Brasileiro faz dívidas até para comprar comida

2015-04-10_190211

Segundo estudo, endividados usam o cartão de crédito na aquisição de itens essenciais

As famílias brasileiras continuam altamente endividadas e o quadro de inadimplência segue o mesmo ritmo. É o que aponta a mais recente pesquisa divulgada pela Confederação Nacional do Comércio de Bens, Serviços e Turismo (CNC), que traz novo recorde no número de endividados no mês de agosto, de 72,9%. O percentual corresponde a 11,89 milhões de famílias com alguma dívida em aberto.
A pesquisa de endividamento e inadimplência do consumidor (Peic) aponta que grande parte do endividamento das famílias, cerca de 83%, se concentra no cartão de crédito. Isso porque, nos lares de renda mais baixa, o crédito tem sido utilizado até para adquirir itens essenciais, como comida.
Com a alta inflação sobre itens essenciais na cesta de consumo das famílias de menor renda, elas acabam tirando espaço do orçamento e se endividando mais para consumir itens de primeira necessidade, como alimentos. O dinheiro não está chegando ao fim do mês e as pessoas estão usando o cartão de crédito para fazer essa cobertura.
Na análise da Peic, a CNC aponta como principais fatores para alta manutenção do endividamento das famílias a expansão do acesso ao crédito, o alto índice de desemprego e a inflação elevada. Na avaliação do presidente da entidade classista, José Roberto Tadros, grande parte das dívidas é de trabalhadores informais que recorrem ao crédito para investir em pequenos negócios.
Os dados da pesquisa apontam que o acesso ao crédito pelos consumidores atingiu 19,2% no primeiro semestre de 2021. A taxa é a maior desde o início de 2013. O crédito mais acessível, com taxas de juros mais baixas, contribuiu para o aumento gradual do endividamento, que foi acompanhado, também, pela alta na inflação. Os dados demonstram que, desde novembro, quando estava em 66%, o endividamento teve elevações consecutivas.

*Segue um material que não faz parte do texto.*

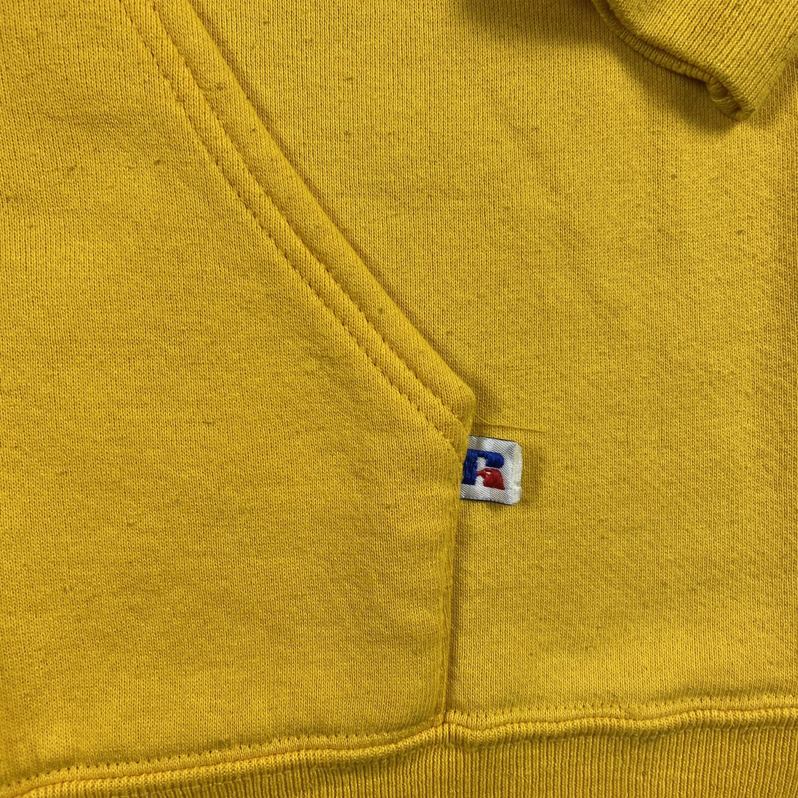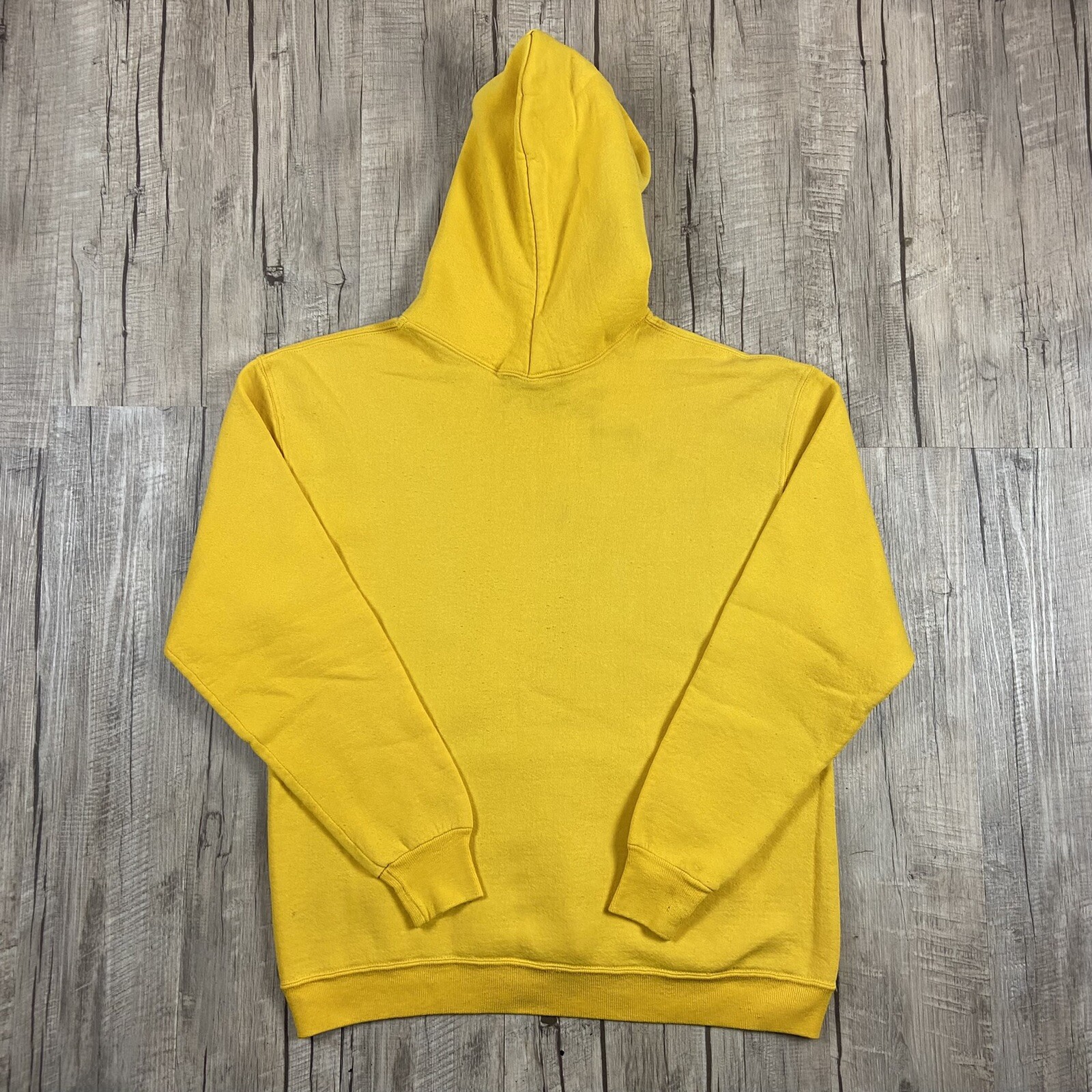 как выглядит Vintage 90s Russell Athletic Blank Pullover Hoodie Yellow Size XL Made In USA фото
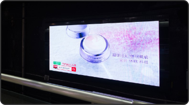位于S級核心換乘通道梯旁,全天候高客流量零距離接觸 每側10或12塊42/32寸高精度電子顯示屏聯裝,支持多種媒體格式播放 創新的媒體形式,獨特的創意模式,體驗高效生動的信息傳達新感覺 ,更可配合大畫幅墻貼,帶來強大視覺沖擊力和品牌親切度
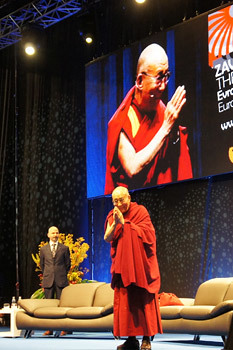 His Holiness the Dalai Lama greeting the audience before his public talk "Cultivating Peace of Mind" in Maribor, Slovenia, on May 16, 2012. Photo/Tenzin Taklha/OHHDL |

É considerada superendividada a pessoa que comprometeu mais de 50% de sua renda mensal com dívidas. Embora não exista um número oficial de superendividados no país, é provável que grande parte dessas pessoas estejam no Mapa da Inadimplência da Serasa, que registra 62,5 milhões de brasileiros com o CPF restrito.
A última Peic aponta que 25,6% do total das famílias endividadas em agosto estão inadimplentes. O número se manteve estável com relação a julho, mas apresentou uma leve queda de 1,1% em relação a agosto do ano passado.

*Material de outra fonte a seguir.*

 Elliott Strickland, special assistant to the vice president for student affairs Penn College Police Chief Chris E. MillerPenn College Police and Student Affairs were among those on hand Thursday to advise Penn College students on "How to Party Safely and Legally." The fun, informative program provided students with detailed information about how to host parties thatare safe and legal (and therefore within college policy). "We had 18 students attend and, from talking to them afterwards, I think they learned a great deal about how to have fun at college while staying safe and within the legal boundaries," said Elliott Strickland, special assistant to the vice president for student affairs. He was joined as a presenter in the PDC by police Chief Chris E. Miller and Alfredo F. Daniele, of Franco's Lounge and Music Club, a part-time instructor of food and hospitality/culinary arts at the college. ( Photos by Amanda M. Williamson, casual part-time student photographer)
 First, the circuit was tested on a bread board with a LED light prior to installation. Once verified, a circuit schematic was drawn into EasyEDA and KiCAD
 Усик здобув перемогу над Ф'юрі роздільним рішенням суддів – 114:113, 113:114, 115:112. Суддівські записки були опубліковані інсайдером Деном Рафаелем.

A secretária nacional do Consumidor, Juliana Domingues, defende o acesso ao crédito. Na avaliação dela, além de movimentar a economia, o crédito concede poder de compra para parte dos consumidores que não teriam essa condição. “O problema não é o acesso ao crédito, mas o acesso ao crédito de uma forma não responsável”, aponta.

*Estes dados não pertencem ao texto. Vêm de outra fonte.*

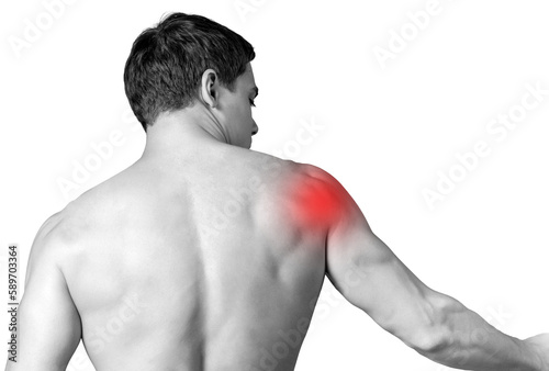Strong man with shoulder pain, back view
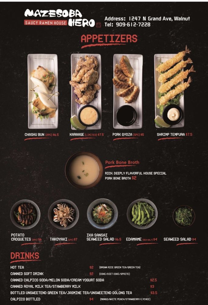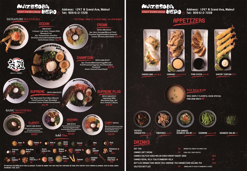 Introducing Mazesoba Hero: Located in Walnut, CA, Mazesoba Hero is a vibrant destination for Asian fusion ramen lovers. This trendy eatery specializes in Mazesoba, a dry-style noodle dish beloved for its unique flavor and texture. The menu offers a variety of delicious options, from the classic Mazesoba to the spicy Tantan and curry variations, all highlighted by perfectly poached eggs and fresh ingredients. Customers rave about the quick service and generous portions, with complimentary rice often served to soak up the rich sauces.
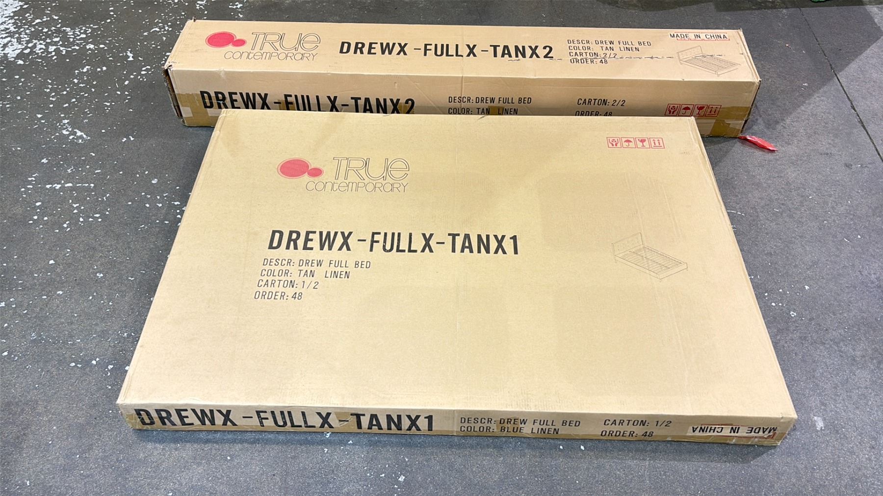 DREW FULL SIZE TAN BED FRAME *NEW IN BOX* (2 BOXES)
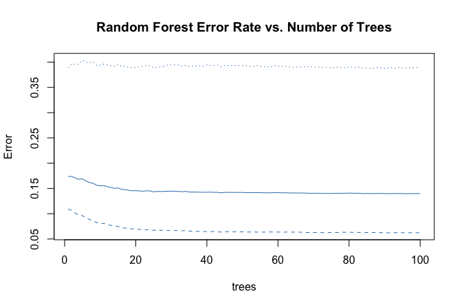 paste("Random Forest; AUC =", round(auc(forest_roc), 3))

Para Roberto de Góes Ellery Júnior, professor da Universidade de Brasília (UNB), o principal problema do superendividamento está, sim, na concessão de crédito, muitas vezes bem acima da renda do consumidor. “O crédito é fundamental para o bom desempenho de uma economia, mas pode ser perigoso quando é concedido além da capacidade de pagamento do consumidor”, diz o professor.